Requiring GPG-signed commits?


(Michael Downey) #1

What do people think … Should we require commits to be signed with GPG keys when GitLab support is enabled? What are the benefits and drawbacks? Details here:


(Saptarshi Purkayastha) #2

I think doing with username is good enough to verify the person. Adding GPG keys just makes things complicated for the new contributor. We want to keep the entry point for new developers as low as possible.


(Robby O'Connor) #3

We should encourage it, but not require it.


(Robby O'Connor) #4

Also you do realize it’s so easy to fudge git author data, right? I can impersonate Linus Torvalds if I wanted to. This is why GPG commit signing is a good thing. You know it was me and not some other guy.


(Saptarshi Purkayastha) #5

I agree, this is a good idea! Can you do GPG commit when using the Gitlab user-interface? I suppose not :frowning: And with every git commit, the author and committer information are stored differently. The username for the push is stored when authenticating to github/gitlab.


(Robby O'Connor) #6

gitlab doesn’t support it sadly…github does…I’m still doing it.

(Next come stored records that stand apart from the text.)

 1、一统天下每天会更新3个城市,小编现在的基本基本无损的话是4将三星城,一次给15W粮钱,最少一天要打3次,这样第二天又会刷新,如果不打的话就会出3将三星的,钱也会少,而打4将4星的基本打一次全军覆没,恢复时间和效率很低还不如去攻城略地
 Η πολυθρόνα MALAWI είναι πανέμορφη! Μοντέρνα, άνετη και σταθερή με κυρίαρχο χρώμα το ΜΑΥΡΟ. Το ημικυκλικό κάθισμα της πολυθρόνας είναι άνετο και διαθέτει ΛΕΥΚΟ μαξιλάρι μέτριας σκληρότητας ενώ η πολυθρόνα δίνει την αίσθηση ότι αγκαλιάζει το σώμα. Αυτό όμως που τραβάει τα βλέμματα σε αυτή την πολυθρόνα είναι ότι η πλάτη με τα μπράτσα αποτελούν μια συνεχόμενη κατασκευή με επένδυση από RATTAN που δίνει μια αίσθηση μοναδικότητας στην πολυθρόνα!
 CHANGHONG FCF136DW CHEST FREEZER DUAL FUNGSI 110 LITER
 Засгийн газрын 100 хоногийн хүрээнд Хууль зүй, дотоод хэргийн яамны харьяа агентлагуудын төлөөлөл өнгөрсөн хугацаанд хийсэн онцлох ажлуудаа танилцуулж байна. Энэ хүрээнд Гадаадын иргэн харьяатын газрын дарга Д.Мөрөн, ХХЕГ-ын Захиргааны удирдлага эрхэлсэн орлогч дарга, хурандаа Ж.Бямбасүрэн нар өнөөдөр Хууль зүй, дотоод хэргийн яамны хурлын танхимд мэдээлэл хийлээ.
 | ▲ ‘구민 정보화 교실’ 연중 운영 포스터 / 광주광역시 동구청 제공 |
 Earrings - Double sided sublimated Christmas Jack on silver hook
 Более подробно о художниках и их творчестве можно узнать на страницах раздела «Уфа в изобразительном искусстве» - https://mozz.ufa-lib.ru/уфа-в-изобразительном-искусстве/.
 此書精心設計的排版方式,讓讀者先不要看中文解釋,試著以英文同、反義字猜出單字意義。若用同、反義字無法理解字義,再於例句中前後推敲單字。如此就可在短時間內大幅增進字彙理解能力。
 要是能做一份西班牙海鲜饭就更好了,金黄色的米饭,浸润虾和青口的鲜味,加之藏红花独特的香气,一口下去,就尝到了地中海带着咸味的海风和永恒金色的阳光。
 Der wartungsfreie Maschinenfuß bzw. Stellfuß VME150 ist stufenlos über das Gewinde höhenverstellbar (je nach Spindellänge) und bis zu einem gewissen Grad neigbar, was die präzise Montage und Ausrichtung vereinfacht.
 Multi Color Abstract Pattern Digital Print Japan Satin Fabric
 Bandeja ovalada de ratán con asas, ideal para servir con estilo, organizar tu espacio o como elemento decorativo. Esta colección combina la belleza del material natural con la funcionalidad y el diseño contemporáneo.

GitHub only supports it if I commit using the CLI…primarily because I didn’t give them my private key…and I’d never do that…I don’t even give keybase my private key. Security risk is too much.


(Michael Downey) #7

Additional interesting comments here:

https://news.ycombinator.com/item?id=11432914


(Robby O'Connor) #8

There’s an open Merge Request on for adding GPG signed commits – I been following it. Still – all my commits are signed – and have been for awhile now. If I edit using either github.com/gitlab.com then no, it won’t be signed – I don’t trust them enough to give them my private key – and nobody should.